Em plena Semana Santa começou a operação para a retirada de construções flutuantes do igarapé Tarumã-Açu (zona oeste de Manaus), em obediência a ordens judiciais que tiveram início ainda em 2023 e, por conta de contestações, vinham sendo adiadas. Na última terça-feira 26, a notícia estava em todos os veículos de comunicação: a retirada começava pelos flutuantes abandonados, que seriam 18 ou 20. Dois dias depois, já se podia ler que seis flutuantes haviam sido retirados, com ajuda de órgãos municipais, estaduais e federais e a tarefa poderia ser cumprida em três ou cinco dias. De acordo com informações da secretaria municipal do meio ambiente, em junho de 2023, foram identificados 900 flutuantes na orla do Tarumã-Açu que seriam removidos: 660 eram destinados ao lazer, recreação e comércio, enquanto 190 serviam de moradia.
Seguindo a ordem de retirada, começando pelos flutuantes abandonados, o calvário e o êxodo dos que desde há muito tempo moram e ganham a vida sobre as águas do Tarumã-Açu estão às portas. Até onde foi possível buscar informações, o número de moradores das casas flutuantes é desconhecido. Igualmente desconhecido é o destino deles depois da operação final.

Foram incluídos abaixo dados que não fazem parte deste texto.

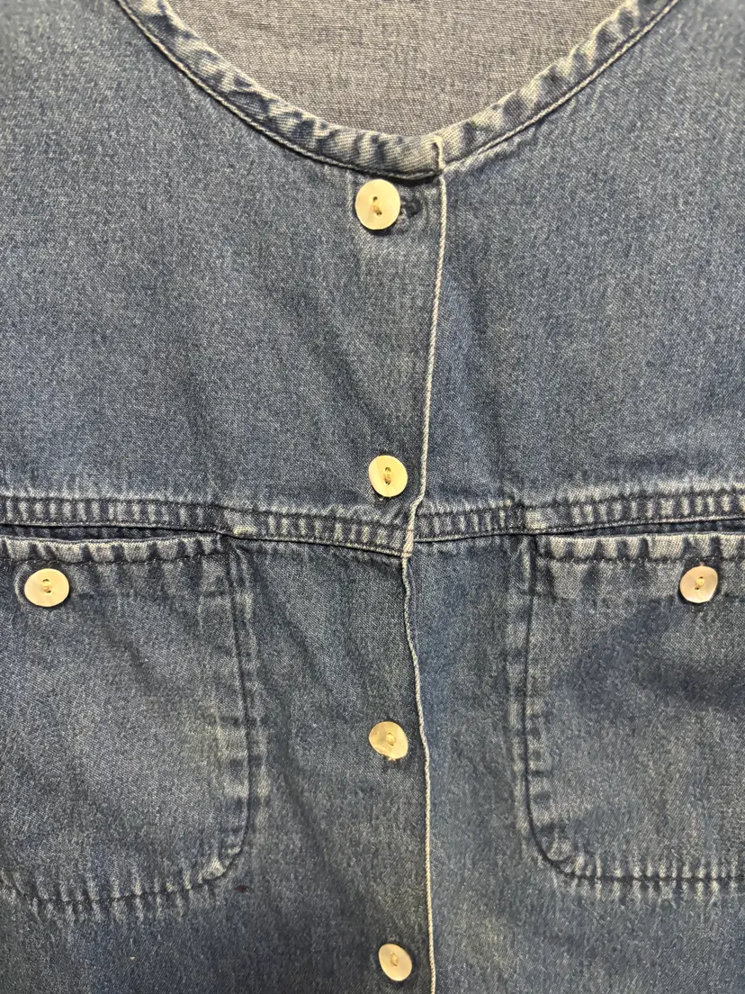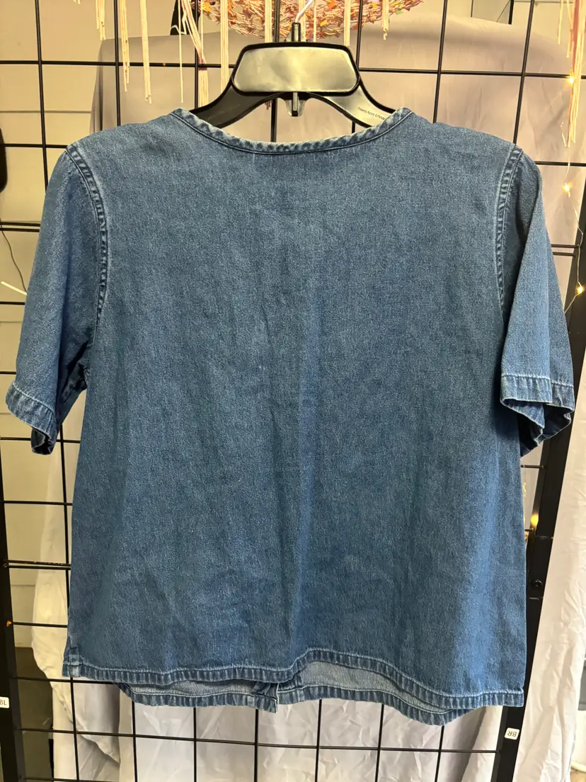 Cute double pocket front ladies light weight denim shirt with mother of pearl button up front. Does not have a size tag, but measures like a lg. pit to pit 21" & 22.5" L

Dadas as circunstâncias e a realidade, ninguém ficará 40 anos no deserto procurando a terra prometida e os possíveis transtornos serão superados. E para os que não têm nada com isso, é mais um episódio a ser facilmente esquecido. De concreto há o fato de que “moradores das águas” terão de migrar para algum lugar e a mídia ainda não reservou espaço para essa parte da história. Todo o resto é conhecido: os motivos para a retirada, as idas e vindas de ordens/suspensões judiciais, imagens (muitas bem coloridas) do que é quase uma ilha flutuante em águas plácidas.
Sobre a indagação do que seria feito com o material das construções flutuantes, já existe uma resposta, divulgada na imprensa: será usado em obras públicas. Foi o que afirmou Antônio Stroski, titular da SEMMAS (Secretaria Municipal de Meio Ambiente, Sustentabilidade de Mudança do Clima), quando do início da retirada de flutuantes abandonados. “Em mais ou menos três a cinco dias de operação a gente atende esses flutuantes que estão em situação de abandono. Mas a gente também pensou na destinação dos materiais recolhidos. Aquilo que for possível aproveitamento, a gente vai direcionar, seja para obras públicas, ações e intervenções que serão feitas pela prefeitura”, disse o secretário, conforme publicado no Portal do Generoso. Outra explicação: a retirada de todo o material não deixará “qualquer resíduo no espelho d´água”.
Não fica claro, no entanto, se o material dos demais flutuantes terá o mesmo fim daqueles que estavam abandonados. De qualquer forma, a decisão faz lembrar Lavoisier, considerado o pai da química: “Na natureza, nada se cria, nada se perde, tudo se transforma”. A vida dos seres humanos igualmente se transforma, também por circunstâncias. E sobre esse assunto, a coluna já fez sugestões à Redação deste portal, sem qualquer êxito até agora. Na última, com o título “Quando casas e opiniões flutuantes se encontram”, publicada em 19 de março, um novo apelo. “Portal do Holanda: abrir um espaço para saber um pouco da história dessas pessoas que serão rebocadas sabe-se lá para onde, será um registro para a História do Amazonas. Que tal uma visita às casas sobre águas”?
Mas, ainda dá tempo. Ainda faltam algumas “estações” na caminhada rumo ao final.